# Combining two strains in one session?



## Shavang (May 22, 2022)

Who else likes to combine? 

I like taking Ghost Train and Runtz Muffin. I grind them up together and vape them together. It gives a different flavor and effect!

I also wonder if the above would be anything like Rare Danknesses GTH Runtz? I like putting different strains together for fun. 

Who else does this and what strains do you combine?


----------



## Green_Alchemist (May 26, 2022)

It’s fun mixing and matching grinds, so far my favourite is “cement shoes” and “cannatonic” felt like I was sinking into my mattress, super heavy body high


----------



## HydroKid239 (May 26, 2022)

I take all the small popcorn & leave it in the tray for a day or two after dry trimming & grind it all together. Makes for a nice hearty smoke session when there’s plenty of meat on the bone.


----------



## NanoGadget (May 26, 2022)

just rolled a joint last night with 4 strains in it. I really enjoy the effects I get from multiple varietals.


----------



## RIS (Jun 23, 2022)

The only time I'm not mixing strains is when I'm down to only one strain


----------



## 420PyRoSV2 (Jul 7, 2022)

I combine. With colour! 

Mmmmhmm


----------



## Tropicalgreen (Jul 12, 2022)

Yeah I love to combine strains too in the vaporizer you can feel the different effects and synergy of the different cannabinoid and terpene profiles!


----------



## Lenin1917 (Jul 13, 2022)

Not in the same bowl, joint or blunt usually, but I will smoke a bowl of one then a joint of another or vice versa. I prefer how they taste individually the combined effects can be nice though.


----------



## singlecoiled (Oct 9, 2022)

Interesting post...

let' take a strain like Girl Scout Cookies, which is OG Kush and Durban Poison. I can't help but wonder if mixing a bowl of Durban Poison and OG kush is different than smoking the Hybrid GSC. It seems mixing the real things would bring out the true effect more, but who knows?


----------



## Greengrouch (Oct 23, 2022)

I’m smoking a joint of blackstrap mixed with espiritu sanctum right now. It’s pretty tasty.


----------



## Rurumo (Oct 23, 2022)

singlecoiled said:


> Interesting post...
> 
> let' take a strain like Girl Scout Cookies, which is OG Kush and Durban Poison. I can't help but wonder if mixing a bowl of Durban Poison and OG kush is different than smoking the Hybrid GSC. It seems mixing the real things would bring out the true effect more, but who knows?

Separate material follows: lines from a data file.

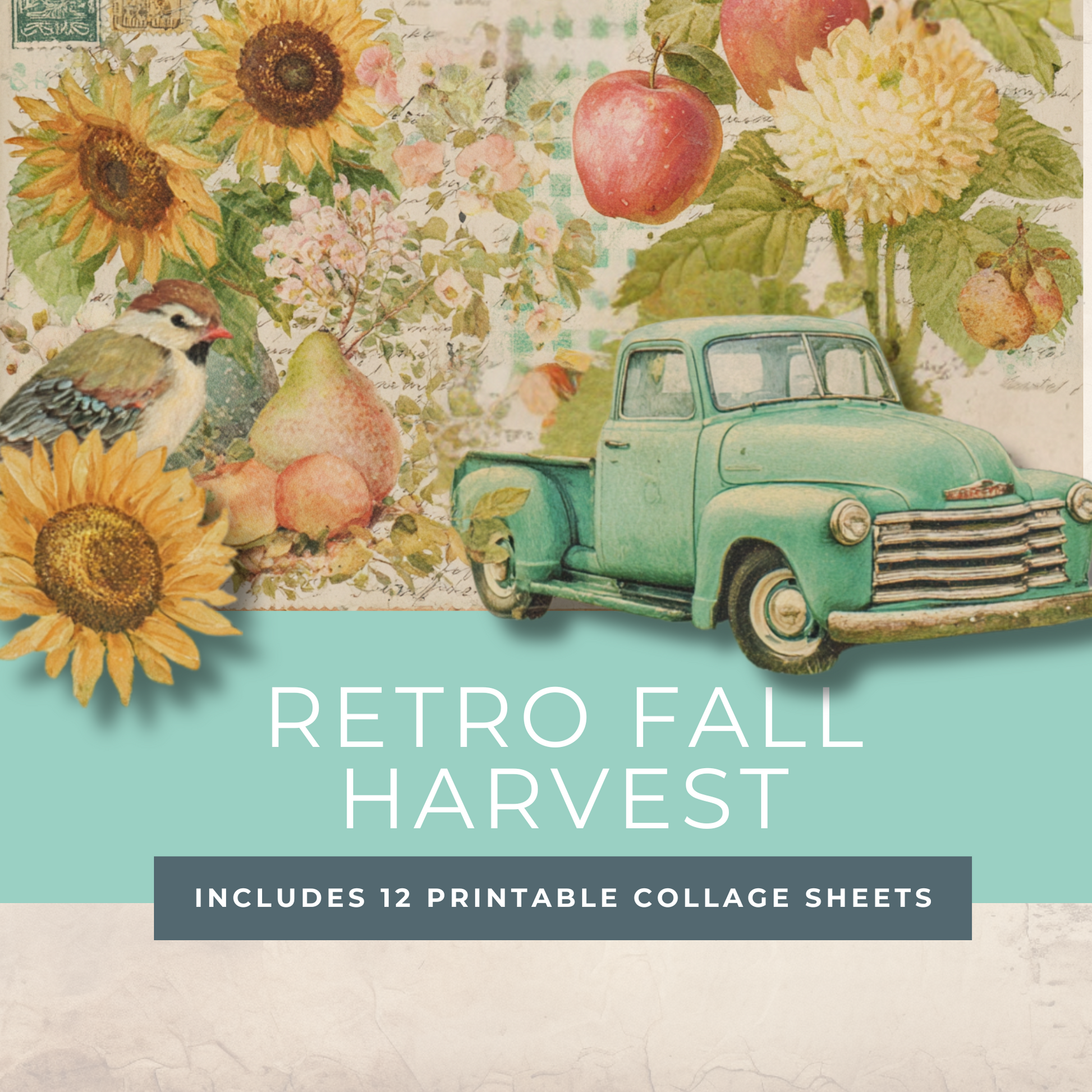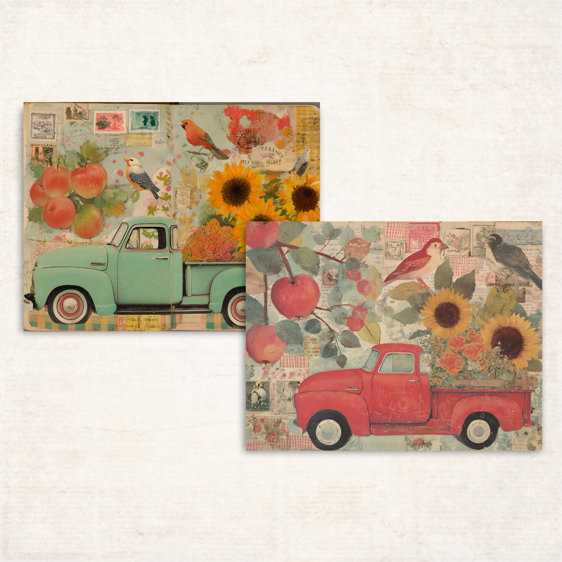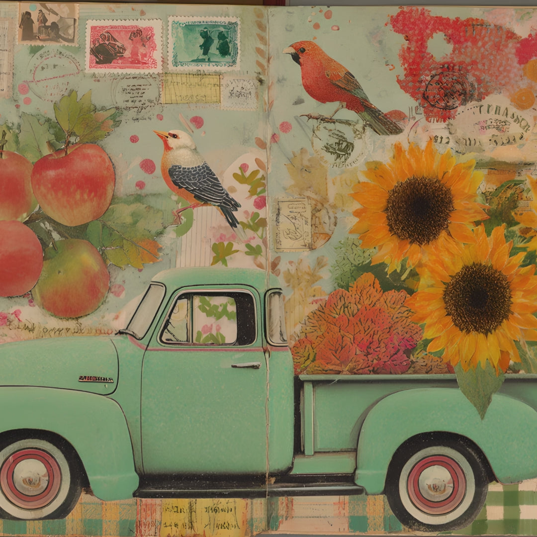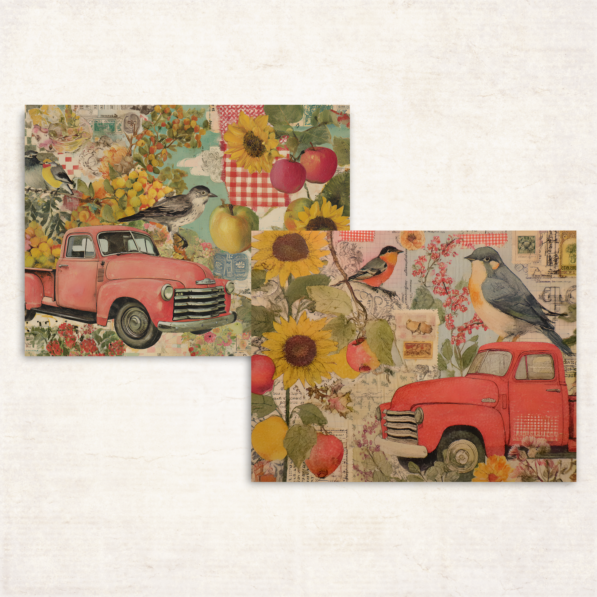 Fall Harvest Collage Sheets – Printable Retro Pickup Trucks, Apples, Sunflowers & Birds for Junk Journals
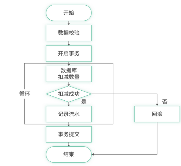 where skuid='123456' and leavedAmount>=currentAmount此 SQL 采用了类似乐观锁的方式实现了原子性,在 where 条件里判断此次需要的数量小于等于剩余的数量。在扣减服务的代码里,判断此 SQL 的返回值,如果值为 1 表示扣减成功,即用户此次购买的数量,当前的库存可以满足否则,返回 0 进行回滚即可。
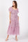 Mauve Floral Lined Smocked Tulle Midi Dress

I just saw this and thought, I'd just drop everything else and smoke the Durban! But back to the topic, I just figured that every home grower is mixing their strains to get the best effects. I just ground three strains up together this morning.


----------



## singlecoiled (Oct 23, 2022)

Rurumo said:


> I just saw this and thought, I'd just drop everything else and smoke the Durban! But back to the topic, I just figured that every home grower is mixing their strains to get the best effects. I just ground three strains up together this morning.

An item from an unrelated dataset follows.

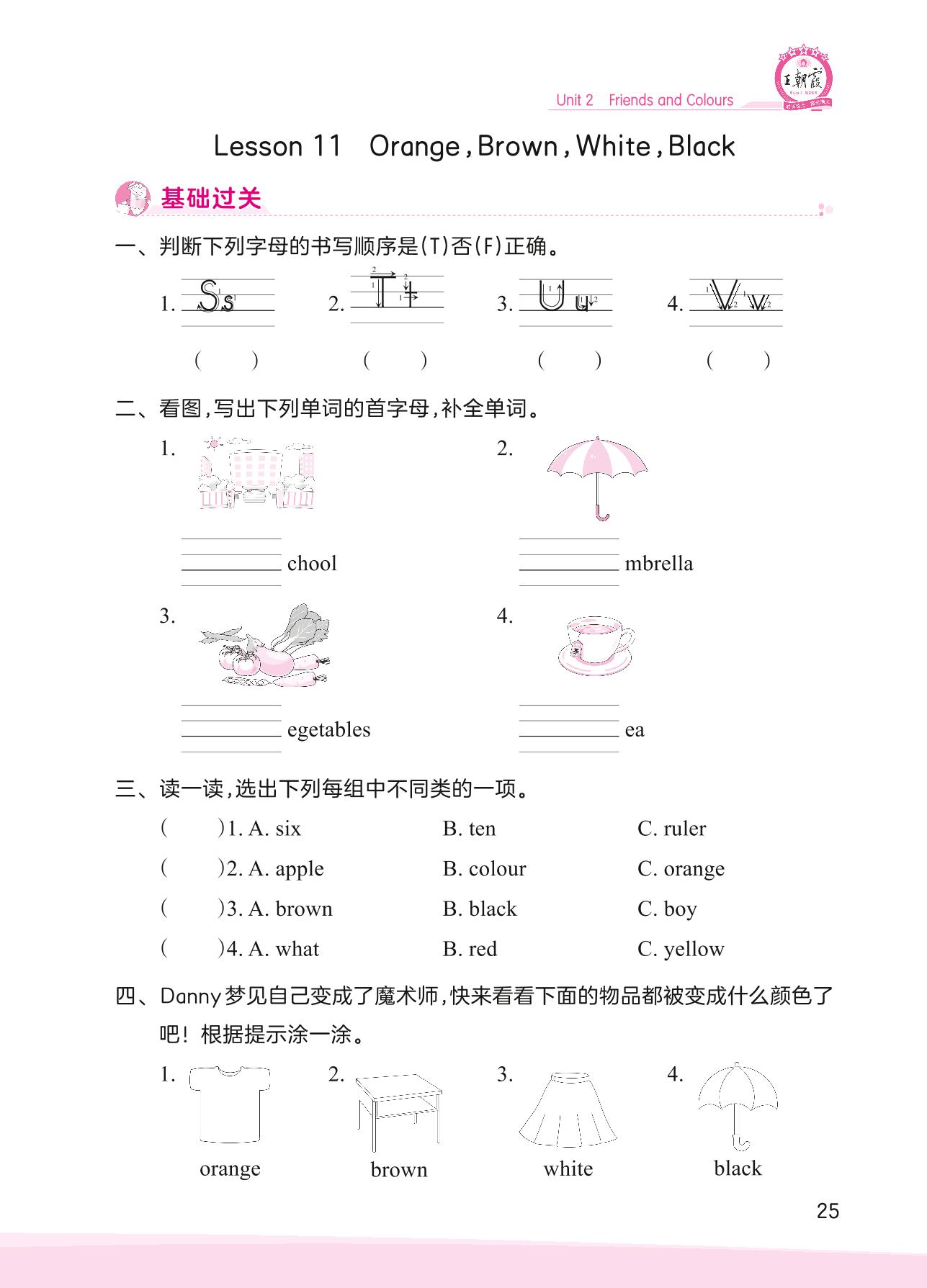 2023上册三年级英语冀教版 Unit 2—Lesson 11 Orange,Brown,White,Black
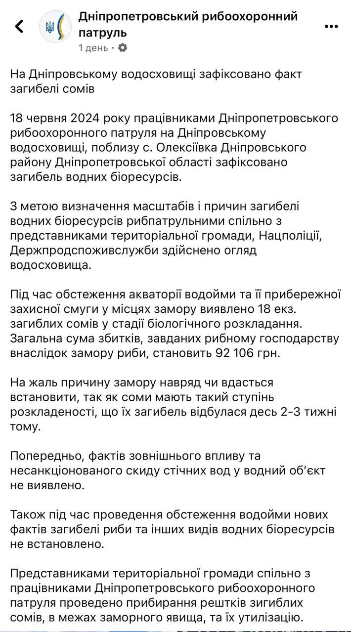В рыбоохранном патруле добавили, что общая сумма ущерба, причиненного рыбному хозяйству из-за мора сомов, составила 92 106 гривен.

I just grew 2.5 ounces of Durban Poison (my third grow) and it's very tasty. It's got a very strong lime flavor that is delicous. I've been waiting to sample my tops, maybe its time to see how they turned out. (I sample the small popcorn while waiting for the good buds to cure)... I'm almost 3 months into cure, maybe its time? Not bad for a little Spiderfarmer SF-1000 at around 100 watts (one plant--these pics are mid flower)


----------



## schuylaar (Oct 24, 2022)

I'm a purist. I like the ability to rotate with a full lineup- it's like flower is brand new..like the very first time..every time


----------